Только как сдержать дрожь омерзения при реальном появлении острой, покрытой волосами мордочки с широкой раздвоенной верхней губой, торчащими вперед пожелтевшими резцами и пытливыми бусинами глаз?

                Что или кто ты есть на самом деле, непрошенная и мной незваная гостья?
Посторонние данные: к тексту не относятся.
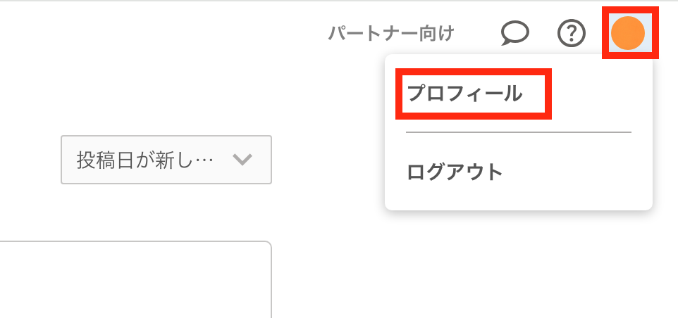 画面右上にあるアイコンマークを押していただき、プロフィールをご確認ください。
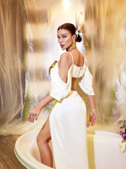 Introducing the Renee Cutout Split Satin Maxi Dress. Crafted from luxurious satin fabric, this dress boasts a stunning cutout design and a high side slit for added elegance and allure. Perfect for special occasions, this dress is a must-have in any fashion-forward wardrobe. Exude confidence and style in the Renee dress.
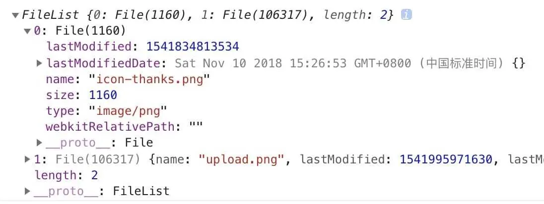 通过监听 input 的 change 事件,获取 FileList类数组对象(event.target.files)。FileList 对象的成员就是 File对象,包含的属性如图:
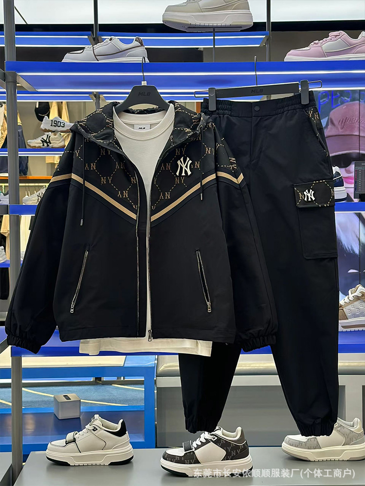MLB 후드 아웃 도어 재킷 25 새로운 자카드 스티칭 자수 표준 루즈 올 매치 재킷
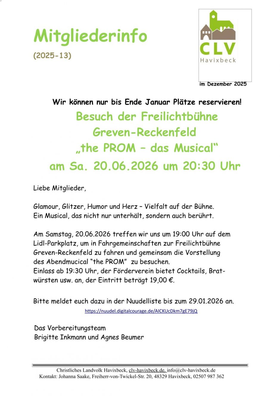 Der Anmeldeschluss war am 27.01.2026. Es haben sich 10 Mitglieder angemeldet. Wer kurz entschlossen auch noch an diesem Termin teilnemen möchte, sollte sich selbst bei der Freilichtbühne Karten besorgen und wenn möglich Sitzplätze in der Nähe von Reihe 12/13 Sitz 1-5 reservieren.
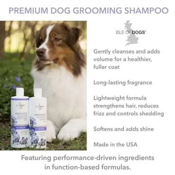Show moreIntroducing the ultimate grooming solution for your furry friend – our luxurious Isle of Dogs Keratin Volume Shampoo. This gentle, sulfate and paraben-free formula is specifically designed to enhance the beauty of your dog's coat. Infused with keratin, this shampoo works wonders to make your pup's coat look and feel thicker, fuller, and incredibly plush. Not only does it strengthen the hair, ensuring a stunning shine, but it also adds a lovely bounce.
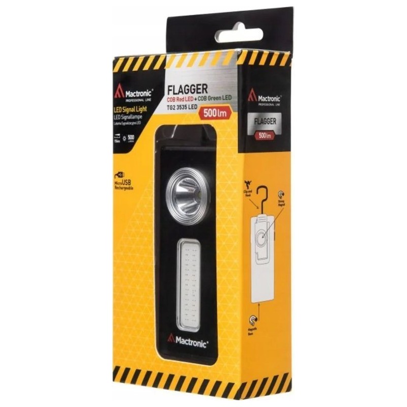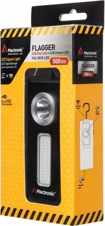 TECHNISCHE DATEN:Betriebsdauer Hauptlampe:500 lm – 2 h 30 min150 lm – 6 hBetriebsdauer rote Lampe:Constant – 7 h 30 minFlash – 15 hBetriebsdauer grüne Lampe:Dauerlicht – 7 h 30 minBlinklicht – 15 hLichtquelle: LED + COB rote LED + COB grüne LEDStromversorgung: Akku | USB-CStromversorgung: Eingebauter Li-Poly-Akku 3,7 V 1500 mAhGewicht [g]: 109Abmessungen [mm]: 107, 5 x 47 x 36,5 IP – Schutzart: IPX3 Fokus: Nein Lieferumfang: Taschenlampe USB-C-Kabel Die Mactronic Flagger wurde in ihrer neuesten Version um Lösungen zur Verbesserung der Ergonomie der Taschenlampe erweitert. Die Taschenlampe verfügt über drei verschiedene Leuchtmodi. Die Haupt-LED erzeugt maximal 500 lm, wodurch Objekte in einer Entfernung von bis zu 154 m beleuchtet werden können. Die Helligkeit der weißen LED lässt sich über die ADS-Funktion anpassen, die eine stufenlose Regulierung des Lichts im Bereich von 150 bis 500 lm ermöglicht. Die grünen und roten COB-LEDs dienen als Signalleuchten und werden über separate Tasten bedient. Diese Beleuchtung eignet sich hervorragend zur Verkehrsregelung. Der integrierte Lithium-Polymer-Akku ermöglicht einen Dauerbetrieb des Geräts von bis zu 15 Stunden. Die Flagge lässt sich einfach über den USB-C-Anschluss aufladen. Die kompakte Bauweise des Gehäuses ermöglicht verschiedene Befestigungsmöglichkeiten. Dank eines starken Magneten lässt sich die Taschenlampe problemlos an jeder metallischen Oberfläche befestigen. Das Gerät ist mit einem Clip/Haken ausgestattet, mit dem es während Kontroll- und Reparaturarbeiten sowie unter Feldbedingungen am Gürtel oder in der Hemd- oder Jackentasche befestigt werden kann. Der Flagger wurde mit ölbeständigen Tasten entwickelt, was ihn in Kombination mit den vielfältigen Befestigungsmöglichkeiten zu einem zuverlässigen Begleiter in jeder Situation macht.**
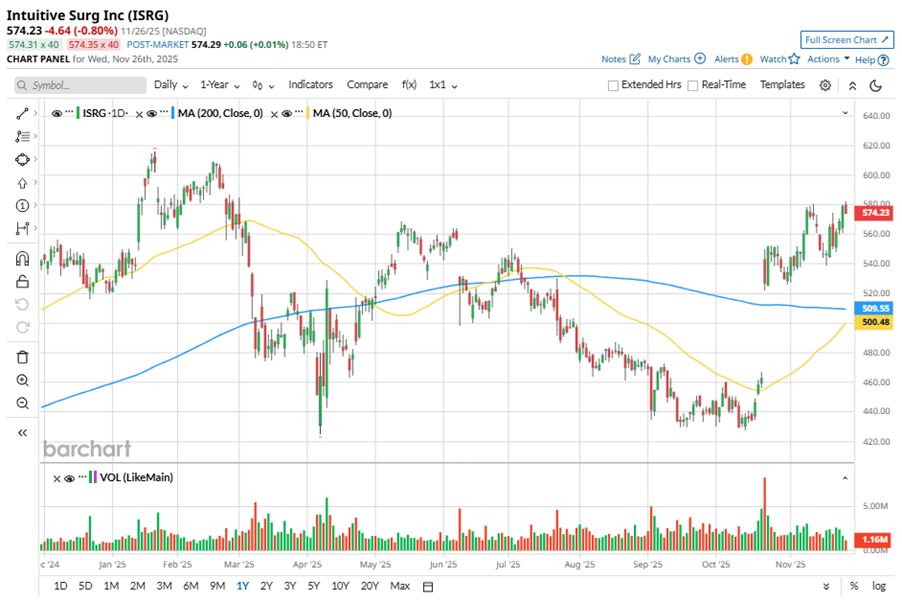 To confirm the bullish trend, ISRG has been trading above its 50-day and 200-day moving averages since late October.

                Полувопрос-полураздумье подсек подпертую горестно ладонь и, выбив опору у отяжелевшей от вопросов головы, рассыпался шариками ртути. Еще минута, и металлическое поблескивание тонкими булавочными головками выстроилось в четкую фразу:
                «Полезность чего-либо имеющегося зависит от пустоты».
 
                - От пустоты чего и где, - зависло удивление в моих глазах. - Полезность сырной дырки или озоновой дыры? – засомневалась вдруг я в правильности прочтения послания. – И почему от пустоты должна быть польза? Хотя все может быть гораздо проще. Возможно, это бьется в истерике мой гений мысли... - успокоила я себя.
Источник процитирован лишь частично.